A long time ago I noticed something about myself that I think is pretty typical. When I have facts behind me, I am much less likely to manipulate, mock and divide because I don’t need to – and I am not tempted to compromise the truth. It’s when all I have is ideas and theories that I get down and dirty – because the facts are facts and they don’t need to be violently defended, they need only be presented and then people have a choice whether to believe or not. But when I am promoting my deeply held ideas or theories and they are shot down, it hurts – because their source is always emotional; the source is always about me, my opinions, my intellect, my ego and my desires and defending that at all costs – well in the past it meant that the ends justified the means of what I was doing, even if those means came at the expense of the basic dignity and humanity of someone else. The more I desperately need to believe something and the more desperate I am that everyone else believe it too, the more likely I am to compromise truth and sacrifice people on the altar of my agenda.

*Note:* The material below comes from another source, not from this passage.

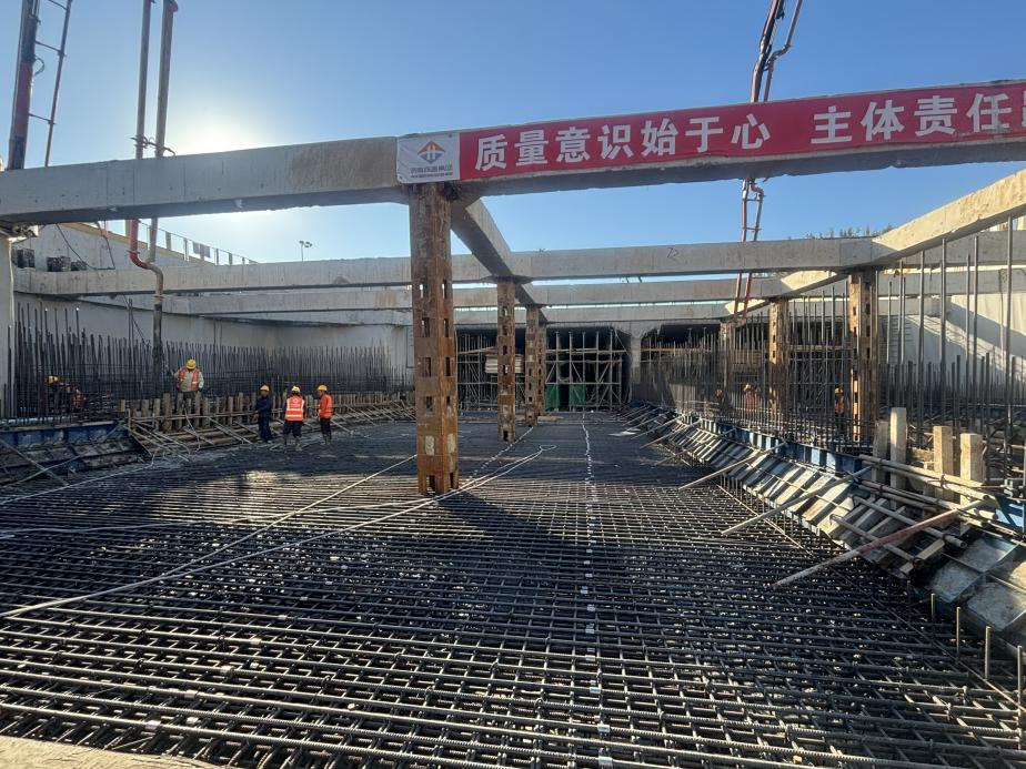 近日,历经165天紧张有序建设,304am永利集团负责建设的济南市航天大道穿黄隧道项目东岸完成16段主体结构底板封底,标志着工程正式进入上层结构施工冲刺阶段,为后续工作奠定了坚实基础。

This is why I don’t spam people with my teachings. I put them on my wall and on my ministry page, and that’s it. No one has to read them and no one is required to agree in order to have me treat them with dignity – when I was a Torah Terrorist, everyone had to hear me and everyone had to agree, or I most certainly would not treat them with dignity. Father forgive me and guard me from slipping back into that pit if not for my sake then for the sake of Your reputation and for the sake of the lives of the people I would damage.
My teacher tells me all the time, “Just because we are right doesn’t mean we are right.”
When we are willing to compromise on the way we treat our brothers and sisters whose only crime is to dare disagree – it no longer matters what we are preaching, because we have become wrong. And if we are going to be wrong, it would be better if we stopped teaching the truth because when we teach the truth while acting badly, we make the truth look like a lie and make the lie look like it is good.
I had a similar experience. I grew tired of endless posts and memes about how deceived Christians are on the Torah Facebook groups I was in (on account of not having nearby people). It felt like the talk was about what we’re against than what we’re for. I got into some arguments too until I realised no one benefits from them at all, not me and certainly not the unfortunate person on the other end. But we soon learn to extend the same grace extended to us, not soon enough though.
There’s also a lot of HR bashing that happens though in circles. It’s like as soon as we see logs in our eyes we go log hunting on others and duel with our logs. Instead of spending time hacking ours off.
It’s very discouraging, I hear you, I want fellowship and yet I am so easily sucked in by the negativity. I am not yet mature enough to handle it. This year, in January, I started running an experiment on my facebook wall. Nothing bad about Christians, Sunday, Christmas and Easter – the only thing allowed is to promote Yeshua, Torah, Sabbath and the Feasts and it has been awesome. The focus on what is good has helped me out a lot.